I downloaded this work from Kindle and it is one of the better biographies of Lincoln, though limited to, many of the common beliefs and misconceptions about the life of Lincoln. Oates wrote this book in 1984 while teaching at the University of Massachusetts in Amherst. His Part one deals with the popular myths about the man, namely the people's man and the arch villain. It contrasts his reputation in both the North and the South. Oates does a great job in presenting the reasons for much of Lincoln's mood swings and his preoccupation with the strategy of the war.

Lincoln's idea's about slavery are one of the most misunderstood and misinterpreted concepts of his political life and Oates presents these in a dispassionate form. I believe from reading this part, that Mr. Lincoln was always, in his heart of hearts always an abolitionist though many continue to argue about his motives regarding slavery. Oates paints the best conclusions I have read in the many biographies I have read about Lincoln.

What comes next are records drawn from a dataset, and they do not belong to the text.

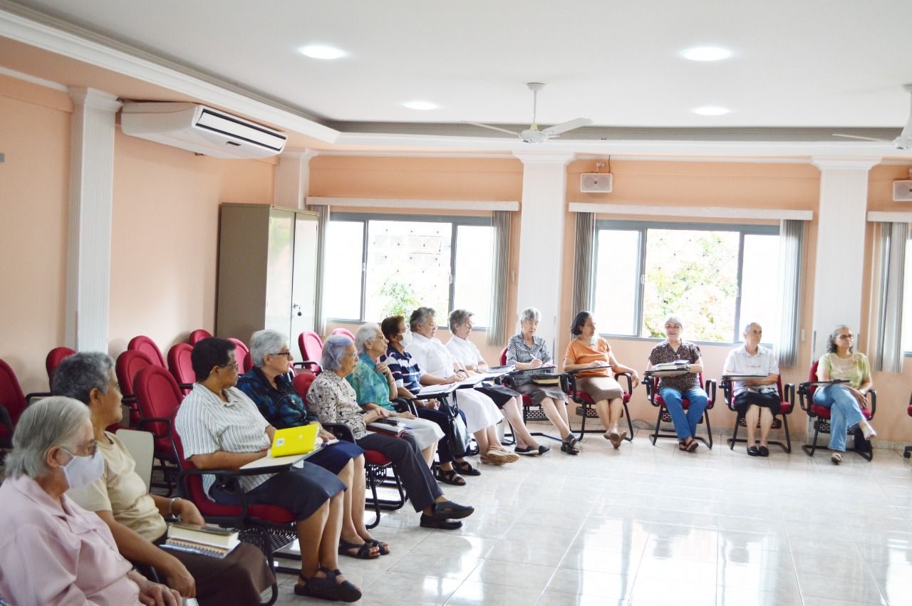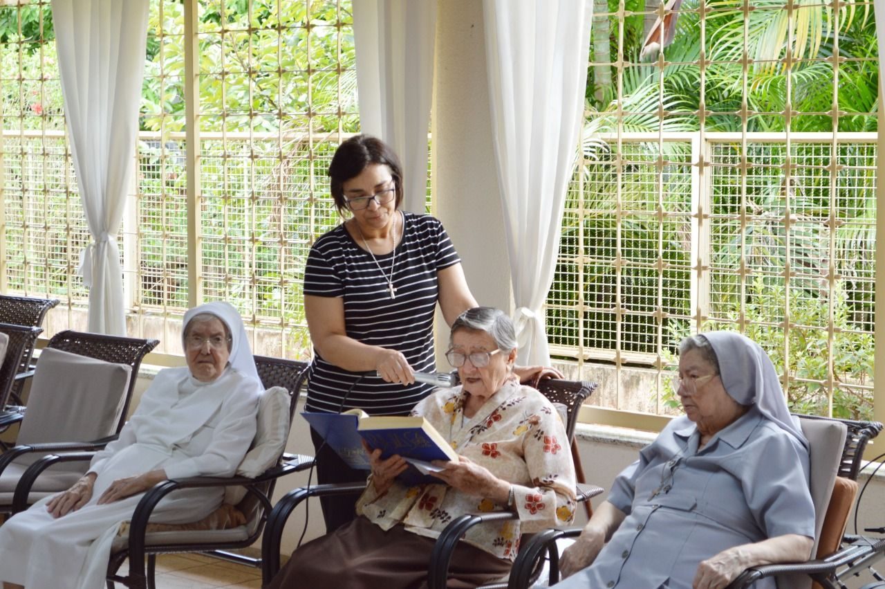 Durante a transmissão, Irmã Solange apresentou o tema do XXIV Capítulo Geral de forma dinâmica e vivencial, através da Leitura Orante do Evangelho de João 2, 1-11.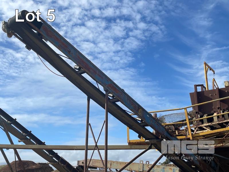 PRECISION SCREENS STOCK PILE DISCHARGE CONVEYOR, 10 METER X 500MM WIDE BELT, 415 VOLT MOTOR WITH SUPPORT FRAME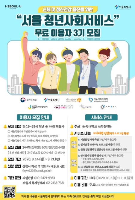 [한국4차산업신문] 서울시는 ‘서울 청년사회서비스사업단’에서 제공하는 신체 및 정신건강 증진 서비스를 10주(10~12월) 간 무료로 이용할 청년들을 14일(월)부터 모집한다.

All of his leadership efforts are clearly aimed at the preservation of the Union to include his personal belief that the rebel states continued to remain part of the United States. This idea, I believe, motivated his posture on reconstruction as the war was winding down. Evidence of this is clearly manifest in the position of his commanding general US Grant.

It is very clear to the reader that Lincoln's assassination created an increased difficult time for the White southerners and equally a curse for the newly freed slaves.

I recommend this short book, which is well outlined and commented upon as a balanced biography and one which every student of the Civil War and Abraham Lincoln should add to his collection of must reads.

I was very happy to give five stars to this book.